The Limit Superior/Inferior Ratio Test for Series of Complex Numbers
The Limit Superior/Inferior Ratio Test for Series of Complex Numbers
On The Ratio Test for Positive Series of Real Numbers we looked at a very useful test for determining the convergence of a series of real numbers. We now look at a more general ratio test which can be applied to series of complex numbers.

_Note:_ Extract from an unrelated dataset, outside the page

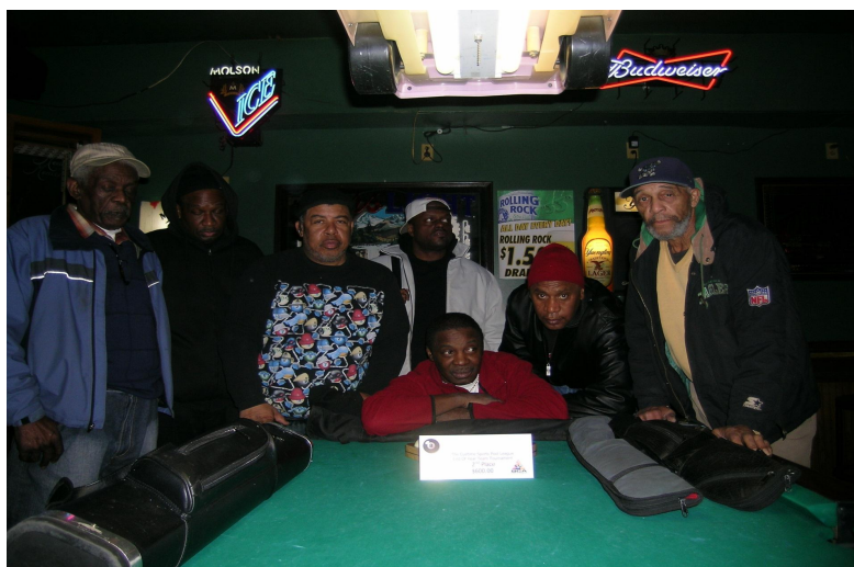
2nd Place Free Agents $600.00

Theorem 1: Let $\displaystyle{\sum_{n=1}^{\infty} a_n}$ be a series of nonzero complex numbers. Let $\displaystyle{R = \limsup_{n \to \infty} \biggr \lvert \frac{a_{n+1}}{a_n} \biggr \rvert}$ and let $\displaystyle{r = \liminf_{n \to \infty} \biggr \lvert \frac{a_{n+1}}{a_n} \biggr \rvert}$. a) If $R < 1$ then $\displaystyle{\sum_{n=1}^{\infty} a_n}$ converges. b) If $1 < r$ then $\displaystyle{\sum_{n=1}^{\infty} a_n}$ diverges. c) If $r \leq 1 \leq R$ then this test is inconclusive. |
- Proof of a) Suppose that $\displaystyle{R = \limsup_{n \to \infty} \biggr \lvert \frac{a_{n+1}}{a_n} \biggr \rvert < 1}$. Let $R^*$ be such that $R < R^* < 1$. Since $\displaystyle{\lim_{n \to \infty} \sup_{k \geq n} \left \{ \biggr \lvert \frac{a_{k+1}}{a_k} \biggr \rvert \right \} = R < 1}$ we have that there exists an $N \in \mathbb{N}$ such that if $n \geq N$ then:
\begin{align} \quad \sup_{k \geq n} \left \{ \biggr \lvert \frac{a_{k+1}}{a_k} \biggr \rvert \right \} \leq R^* \end{align}
- By the definition of the supremum of a set we have that for all $n \geq N$ that:
\begin{align} \quad \biggr \lvert \frac{a_{n+1}}{a_n} \biggr \rvert & \leq R^* \\ \mid a_{n+1} \mid & \leq R^* \mid a_n \mid \end{align}
- So then:
\begin{align} R^* \mid a_N \mid & \geq \mid a_{N+1} \\ R^{*2} \mid a_N \mid & \geq R^* \mid a_{N+1} \mid \geq \mid a_{N+2} \\ & \vdots \\ R^{*n} \mid a_N \mid & \geq R^{*(n - 1)} \mid a_{N+1} \mid \geq … \geq \mid a_{N + n} \mid \end{align}
- Since $R^* < 1$ we have that $\displaystyle{\sum_{n=1}^{\infty} R^{*n} \mid a_N \mid}$ converges as a geometric series. So, by the comparison test we have that $\sum_{n=1}^{\infty} \mid a^{N +n} \mid$ converges which implies that $\displaystyle{\sum_{n=1}^{\infty} \mid a_n \mid}$ converges. So $\displaystyle{\sum_{n=1}^{\infty} a_n}$ converges absolutely. $\blacksquare$
- Proof of b) Suppose that $\displaystyle{\liminf_{n \to \infty} \biggr \lvert \frac{a_{n+1}}{a_n} \biggr \rvert > 1}$. Let $r^*$ be such that $1 < r^* < r$. Since $\displaystyle{\lim_{n \to \infty} \inf_{k \geq n} \left \{ \biggr \lvert \frac{a_{k+1}}{a_k} \biggr \rvert \right \} > 1}$ we have that there exists an $N \in \mathbb{N}$ such that if $n \geq N$ then:
\begin{align} \quad \inf_{k \geq n} \left \{ \biggr \lvert \frac{a_{k+1}}{a_k} \biggr \rvert \right \} \geq r^* \end{align}
- So for all $n \geq N$ we have by the definition of the infimum of a set that:
\begin{align} \biggr \lvert \frac{a_{n+1}}{a_n} \biggr \rvert & \geq r^* \\ \mid a_{n+1} \mid & \geq r^* \mid a_n \mid \end{align}
- So $\mid a_{n+1} \mid > \mid a_n \mid$ for all $n \geq N$. But then $\displaystyle{\lim_{n \to \infty} a_n \neq 0}$. So $\displaystyle{\sum_{n=1}^{\infty} a_n}$ diverges. $\blacksquare$